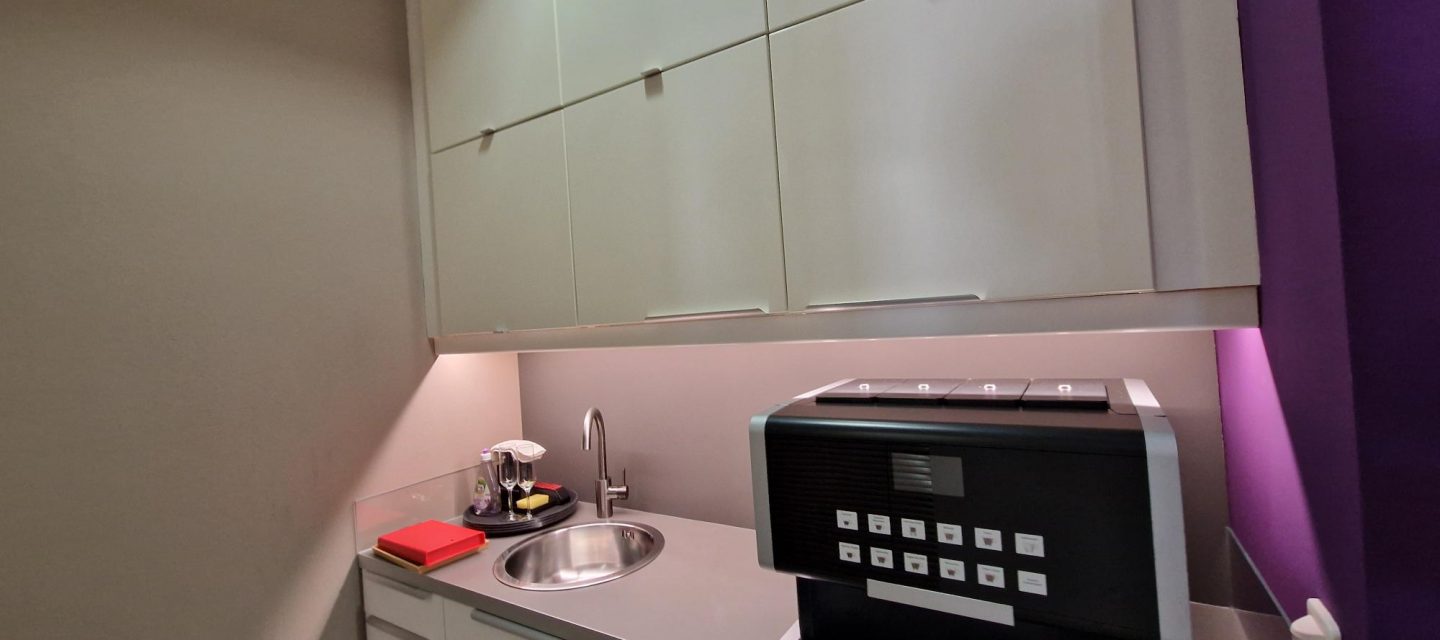 In 1110 Wien steht ab sofort diese moderne, italienische Kaffeemaschine von rheavendors in einer kleinen Kaffeeküche einer Firma, die im Bereich Umwelttechnologie erfolgreich arbeitet.
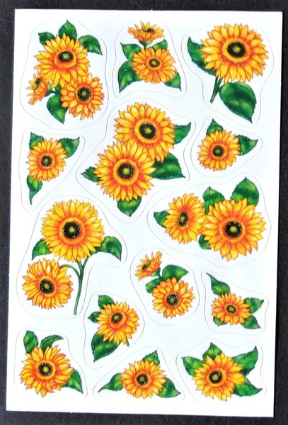 Stickers: Solrosor med lite glitter på bilderna. Mått: 8 cm x 12 cm. Mycket fint skick, ny. Samfraktar. Om fler köp kontakta mig för rätt porto.
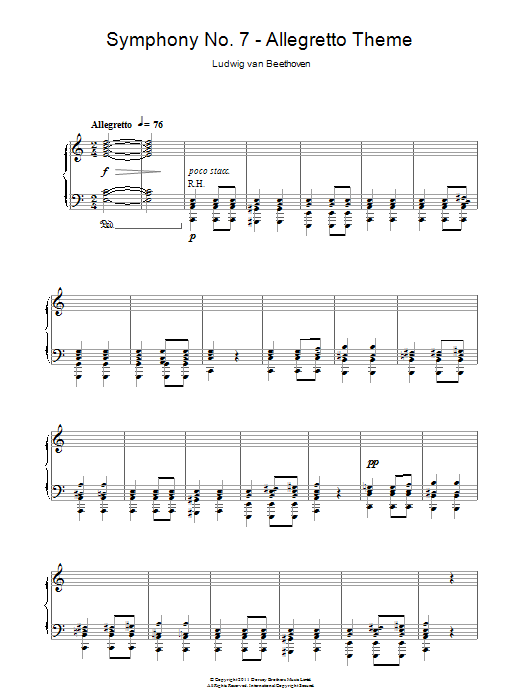 Download or print Ludwig van Beethoven 2nd Movement Theme - Allegretto (from Symphony No.7) sheet music, chords and digital score arranged for Piano Solo. This Classical score includes 3 page(s).
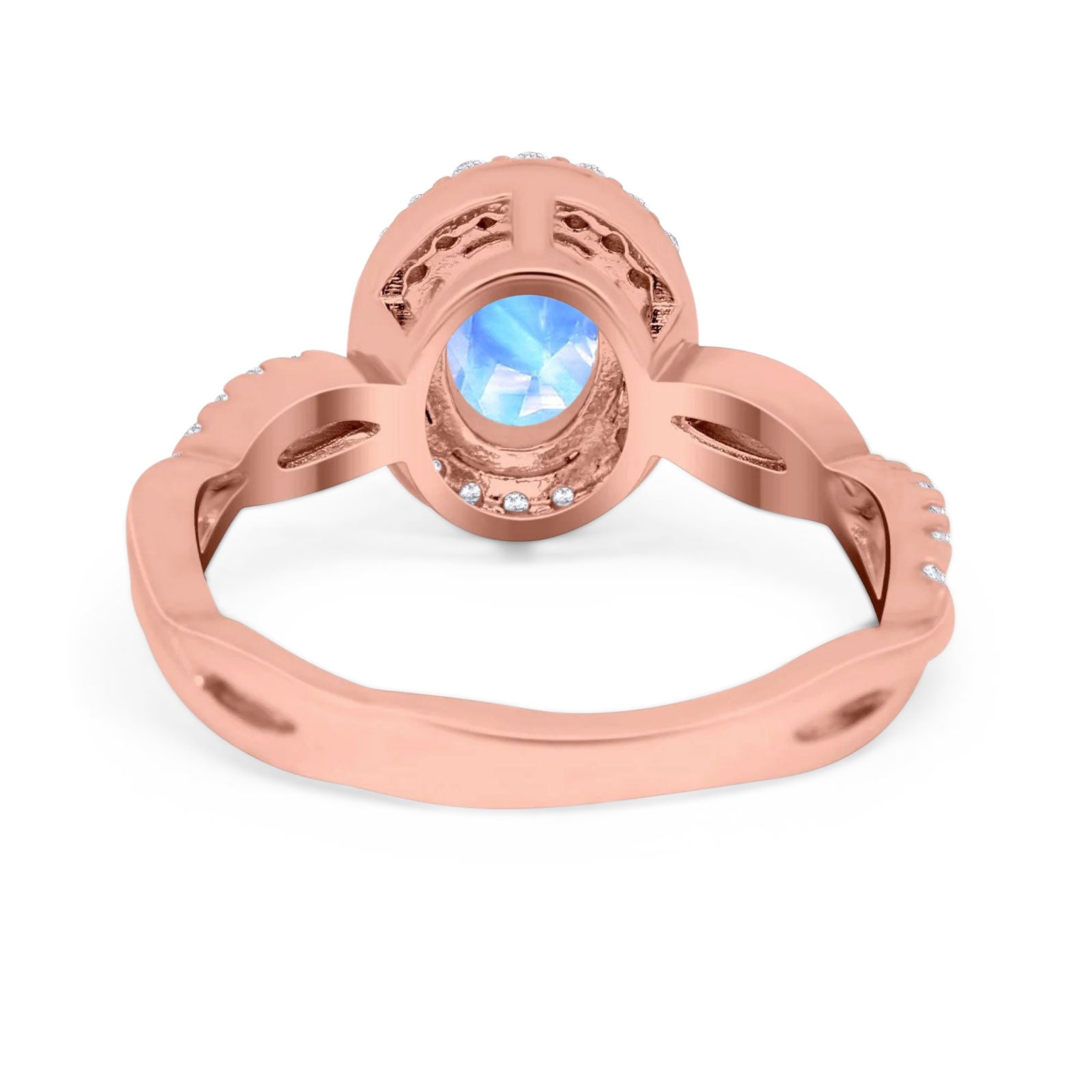 Oval Natural Moonstone Halo CZ Split Shank Twisted Ring 925 Sterling Silver
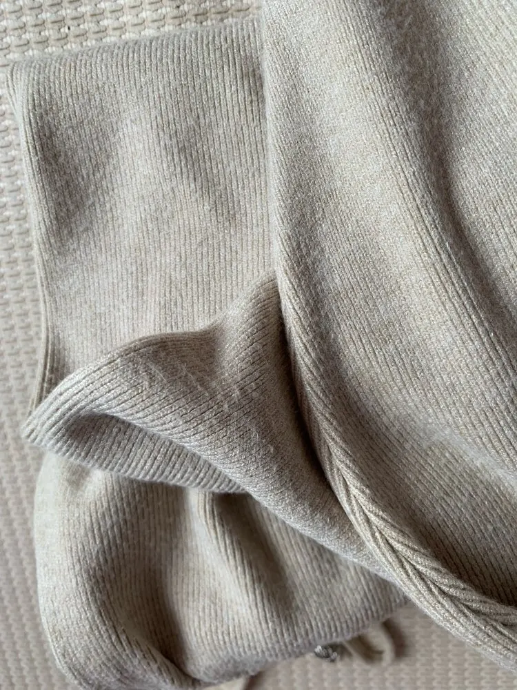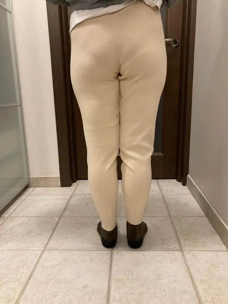 Классные штанишки. Чтобы вы понимали, насколько их люблю, то у меня уже есть такие чёрные и бежевые))) На параметры талия 65 см и бёдра 92,5 см сели отлично, немного свободно. На рост 163 см длина полная, даже с запасом. Подойдут однозначно и на большие параметры, потому что зимой я была от 74 об 102 см, и тоже отлично сидели на мне штанишки, они хорошо тянутся. Штаны, кстати, качественные, катышки образуются минимально, очень маленькие, даже не катышки, а лёгкое разлохмачивание ткани, я за 10 месяцев даже машинкой ни разу их не обрабатывала. На последнем фото показала, как выглядят ткань бежевых спустя почти год носки.

◆ **Task directions**: Each line from the one containing "Oval Natural Moonstone" through the last line of the entries above should be duplicated exactly, both included; leave out pictures and add nothing.

◆ **Task result**:
 Oval Natural Moonstone Halo CZ Split Shank Twisted Ring 925 Sterling Silver
 Классные штанишки. Чтобы вы понимали, насколько их люблю, то у меня уже есть такие чёрные и бежевые))) На параметры талия 65 см и бёдра 92,5 см сели отлично, немного свободно. На рост 163 см длина полная, даже с запасом. Подойдут однозначно и на большие параметры, потому что зимой я была от 74 об 102 см, и тоже отлично сидели на мне штанишки, они хорошо тянутся. Штаны, кстати, качественные, катышки образуются минимально, очень маленькие, даже не катышки, а лёгкое разлохмачивание ткани, я за 10 месяцев даже машинкой ни разу их не обрабатывала. На последнем фото показала, как выглядят ткань бежевых спустя почти год носки.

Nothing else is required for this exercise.